:: What the task requires ::
Leave out the pictures, and copy exactly the lines from the line with "With the motivation" through the last line of the data below.

Source records
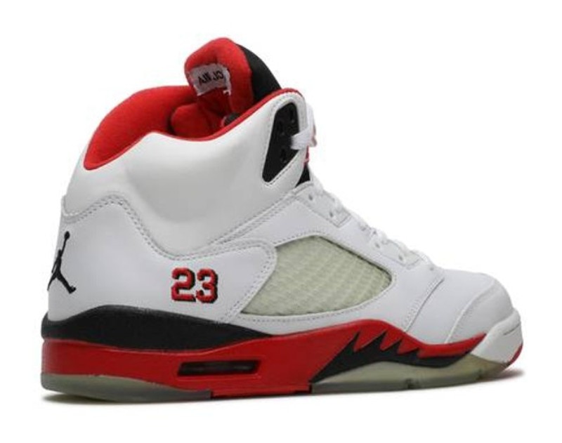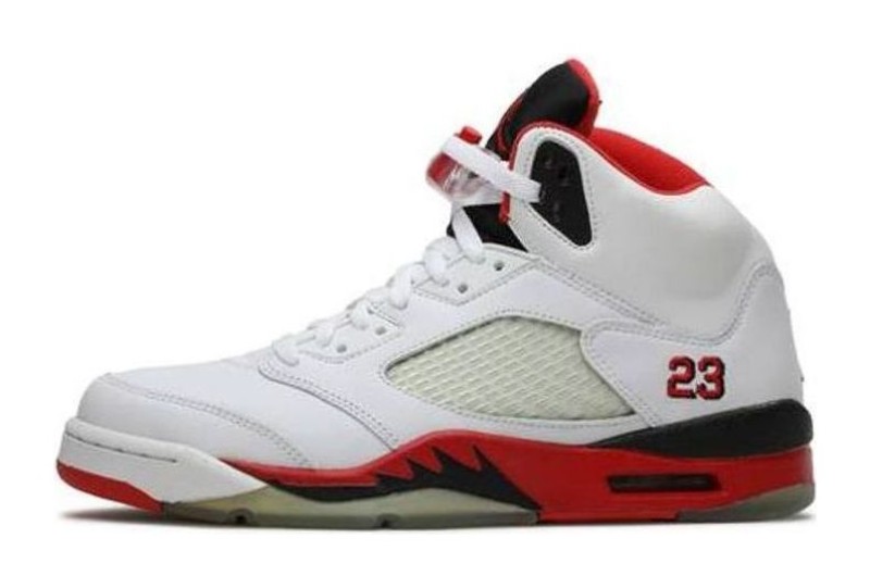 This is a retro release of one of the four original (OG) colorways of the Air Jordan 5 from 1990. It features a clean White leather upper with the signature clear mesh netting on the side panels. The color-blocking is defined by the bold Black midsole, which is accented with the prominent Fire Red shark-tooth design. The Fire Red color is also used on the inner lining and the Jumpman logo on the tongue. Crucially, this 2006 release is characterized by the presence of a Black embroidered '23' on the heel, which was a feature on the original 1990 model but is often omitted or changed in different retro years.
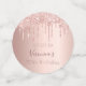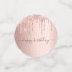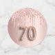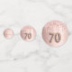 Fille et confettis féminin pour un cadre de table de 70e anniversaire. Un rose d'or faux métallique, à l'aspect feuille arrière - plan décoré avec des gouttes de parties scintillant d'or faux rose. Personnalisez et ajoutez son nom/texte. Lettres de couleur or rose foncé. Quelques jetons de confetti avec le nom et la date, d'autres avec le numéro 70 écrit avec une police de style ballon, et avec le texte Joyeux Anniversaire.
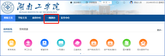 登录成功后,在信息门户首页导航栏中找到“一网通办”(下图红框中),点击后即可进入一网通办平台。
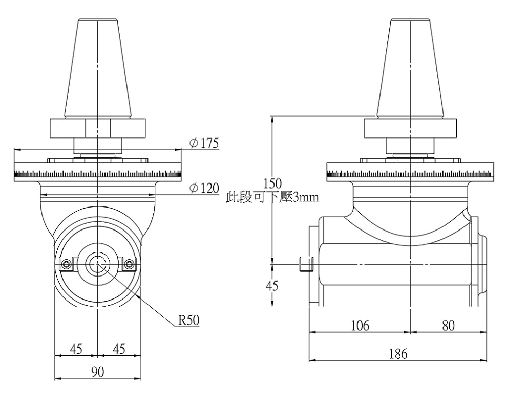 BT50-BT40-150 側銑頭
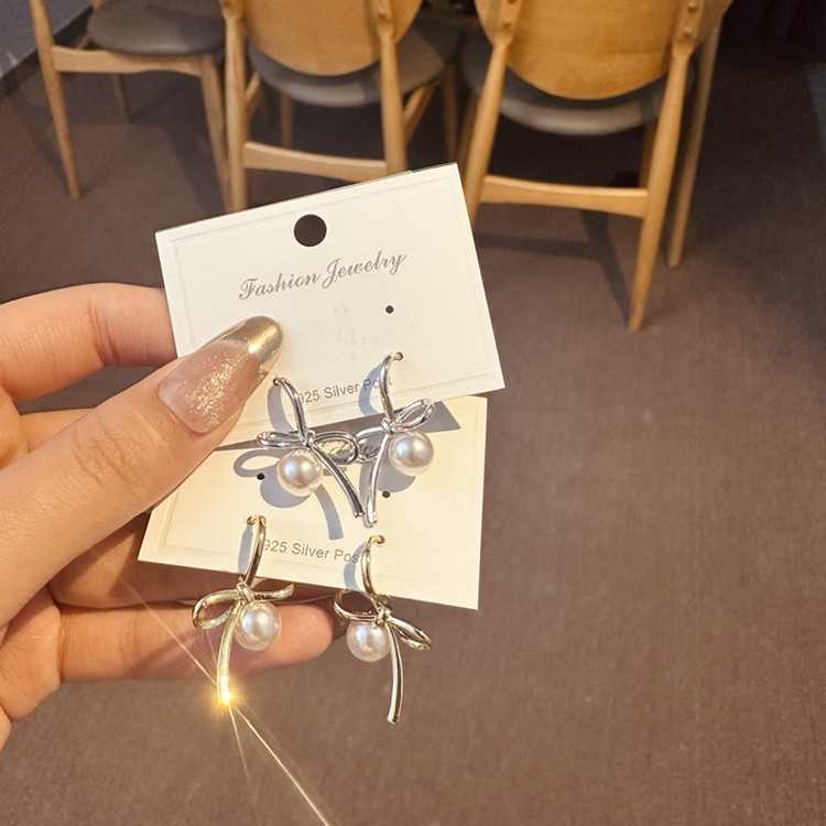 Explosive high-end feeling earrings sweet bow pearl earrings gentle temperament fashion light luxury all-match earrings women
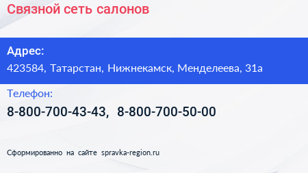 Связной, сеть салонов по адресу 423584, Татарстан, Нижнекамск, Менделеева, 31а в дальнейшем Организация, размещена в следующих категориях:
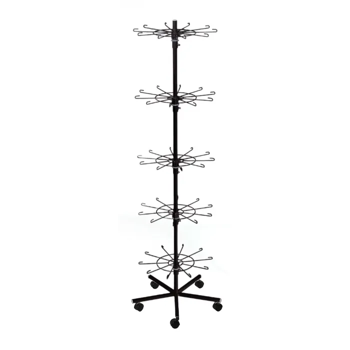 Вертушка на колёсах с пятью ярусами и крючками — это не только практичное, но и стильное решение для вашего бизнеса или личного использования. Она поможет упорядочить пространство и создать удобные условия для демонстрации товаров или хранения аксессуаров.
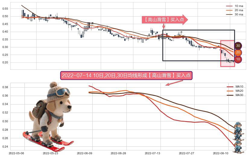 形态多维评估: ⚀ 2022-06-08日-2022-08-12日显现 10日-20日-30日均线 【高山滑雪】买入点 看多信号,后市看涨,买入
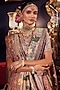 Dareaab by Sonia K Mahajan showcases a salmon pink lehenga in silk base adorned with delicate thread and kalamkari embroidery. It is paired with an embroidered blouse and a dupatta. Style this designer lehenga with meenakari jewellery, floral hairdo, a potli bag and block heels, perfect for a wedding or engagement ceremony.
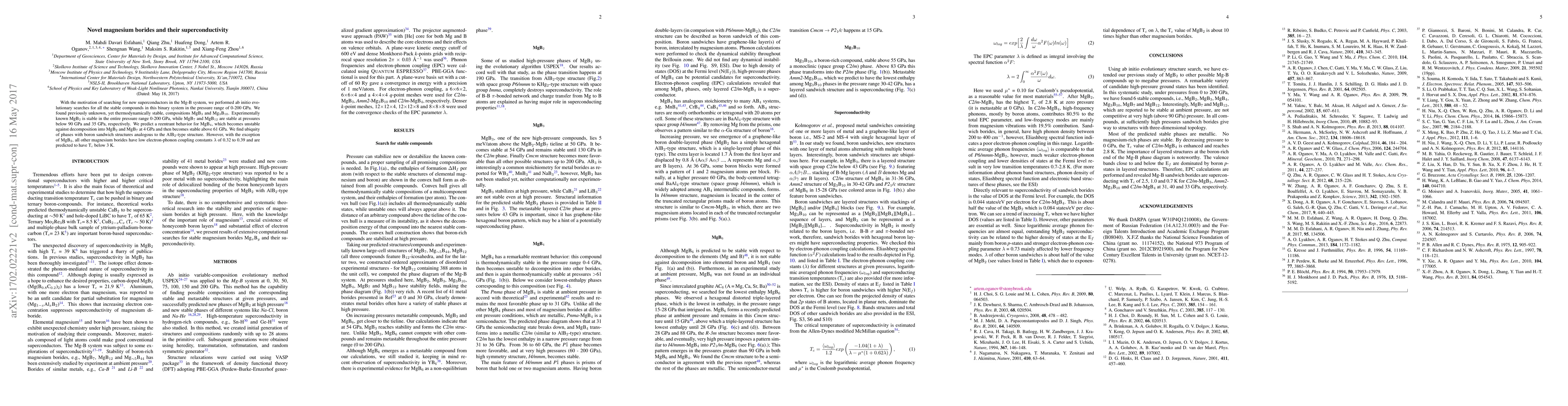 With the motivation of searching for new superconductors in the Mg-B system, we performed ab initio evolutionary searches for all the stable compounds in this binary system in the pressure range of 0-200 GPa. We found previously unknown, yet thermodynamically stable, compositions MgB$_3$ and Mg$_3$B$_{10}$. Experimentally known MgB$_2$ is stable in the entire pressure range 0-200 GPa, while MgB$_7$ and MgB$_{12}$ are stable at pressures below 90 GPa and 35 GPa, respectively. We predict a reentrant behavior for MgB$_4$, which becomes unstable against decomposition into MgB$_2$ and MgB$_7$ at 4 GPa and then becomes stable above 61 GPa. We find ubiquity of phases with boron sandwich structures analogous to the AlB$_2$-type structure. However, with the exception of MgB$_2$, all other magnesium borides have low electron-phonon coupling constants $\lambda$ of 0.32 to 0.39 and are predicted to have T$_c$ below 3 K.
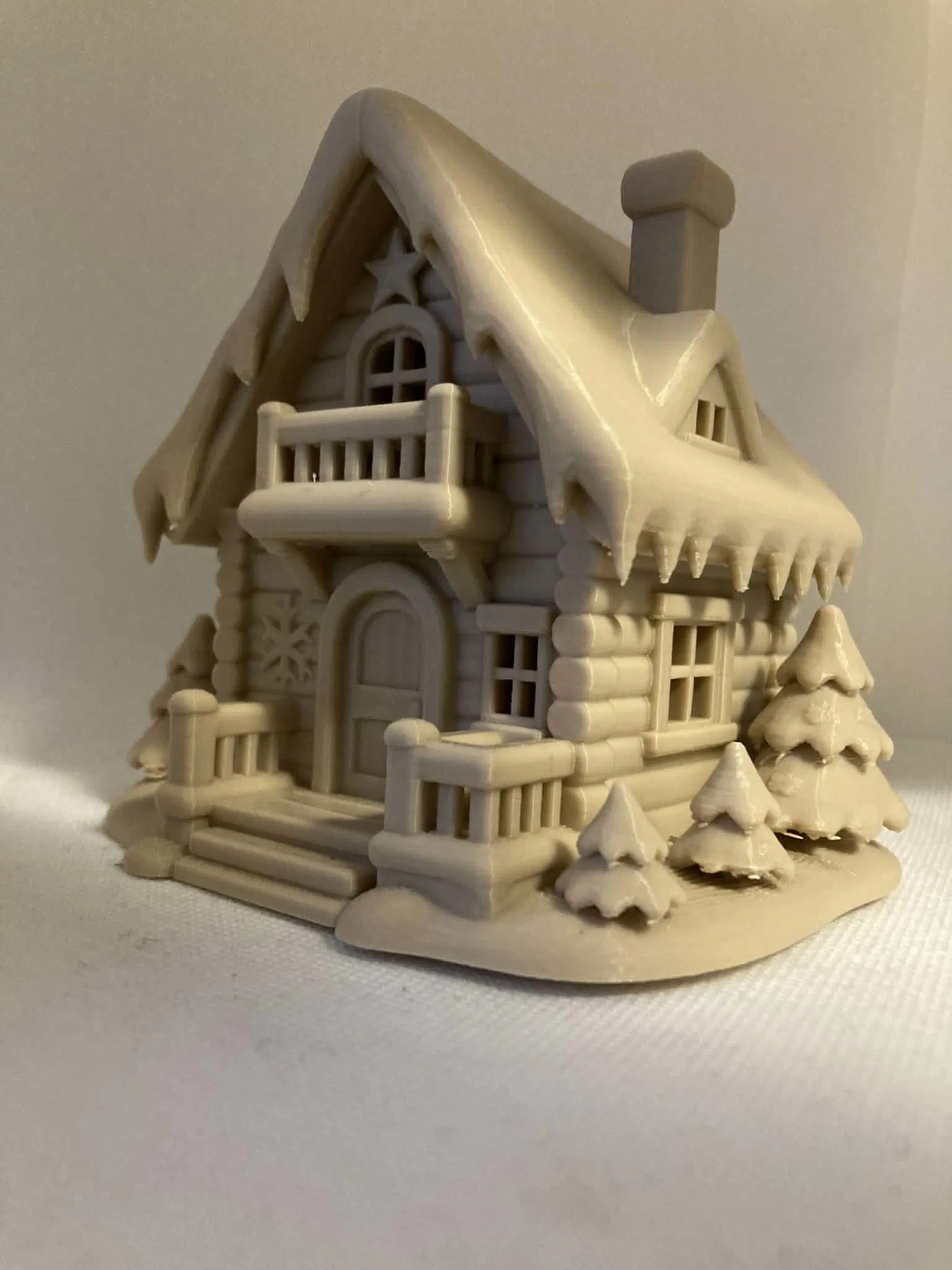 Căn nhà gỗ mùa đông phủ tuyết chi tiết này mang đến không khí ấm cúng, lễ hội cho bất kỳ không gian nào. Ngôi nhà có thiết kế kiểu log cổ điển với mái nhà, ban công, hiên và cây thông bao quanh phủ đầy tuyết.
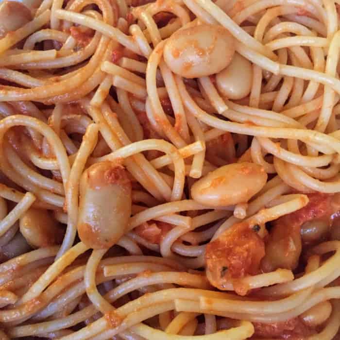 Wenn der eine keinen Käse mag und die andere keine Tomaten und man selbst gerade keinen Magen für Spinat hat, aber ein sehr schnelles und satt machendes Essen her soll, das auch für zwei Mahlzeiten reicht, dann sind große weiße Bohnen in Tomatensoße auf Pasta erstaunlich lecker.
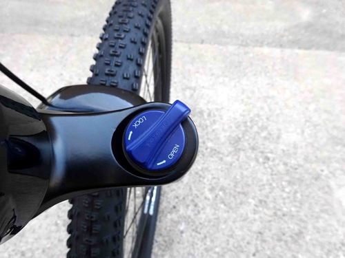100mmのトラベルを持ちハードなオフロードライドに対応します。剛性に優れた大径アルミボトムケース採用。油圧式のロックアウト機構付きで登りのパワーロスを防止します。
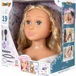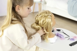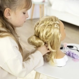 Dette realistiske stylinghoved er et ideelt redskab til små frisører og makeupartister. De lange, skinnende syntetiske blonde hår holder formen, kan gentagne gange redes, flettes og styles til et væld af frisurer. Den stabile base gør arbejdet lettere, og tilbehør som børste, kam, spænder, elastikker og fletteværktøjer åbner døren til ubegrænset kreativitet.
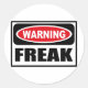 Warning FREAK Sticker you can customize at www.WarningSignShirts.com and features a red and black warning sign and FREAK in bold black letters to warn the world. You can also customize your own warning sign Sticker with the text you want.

:: Result for this exercise ::
 With the motivation of searching for new superconductors in the Mg-B system, we performed ab initio evolutionary searches for all the stable compounds in this binary system in the pressure range of 0-200 GPa. We found previously unknown, yet thermodynamically stable, compositions MgB$_3$ and Mg$_3$B$_{10}$. Experimentally known MgB$_2$ is stable in the entire pressure range 0-200 GPa, while MgB$_7$ and MgB$_{12}$ are stable at pressures below 90 GPa and 35 GPa, respectively. We predict a reentrant behavior for MgB$_4$, which becomes unstable against decomposition into MgB$_2$ and MgB$_7$ at 4 GPa and then becomes stable above 61 GPa. We find ubiquity of phases with boron sandwich structures analogous to the AlB$_2$-type structure. However, with the exception of MgB$_2$, all other magnesium borides have low electron-phonon coupling constants $\lambda$ of 0.32 to 0.39 and are predicted to have T$_c$ below 3 K.
 Căn nhà gỗ mùa đông phủ tuyết chi tiết này mang đến không khí ấm cúng, lễ hội cho bất kỳ không gian nào. Ngôi nhà có thiết kế kiểu log cổ điển với mái nhà, ban công, hiên và cây thông bao quanh phủ đầy tuyết.
 Wenn der eine keinen Käse mag und die andere keine Tomaten und man selbst gerade keinen Magen für Spinat hat, aber ein sehr schnelles und satt machendes Essen her soll, das auch für zwei Mahlzeiten reicht, dann sind große weiße Bohnen in Tomatensoße auf Pasta erstaunlich lecker.
100mmのトラベルを持ちハードなオフロードライドに対応します。剛性に優れた大径アルミボトムケース採用。油圧式のロックアウト機構付きで登りのパワーロスを防止します。
 Dette realistiske stylinghoved er et ideelt redskab til små frisører og makeupartister. De lange, skinnende syntetiske blonde hår holder formen, kan gentagne gange redes, flettes og styles til et væld af frisurer. Den stabile base gør arbejdet lettere, og tilbehør som børste, kam, spænder, elastikker og fletteværktøjer åbner døren til ubegrænset kreativitet.
 Warning FREAK Sticker you can customize at www.WarningSignShirts.com and features a red and black warning sign and FREAK in bold black letters to warn the world. You can also customize your own warning sign Sticker with the text you want.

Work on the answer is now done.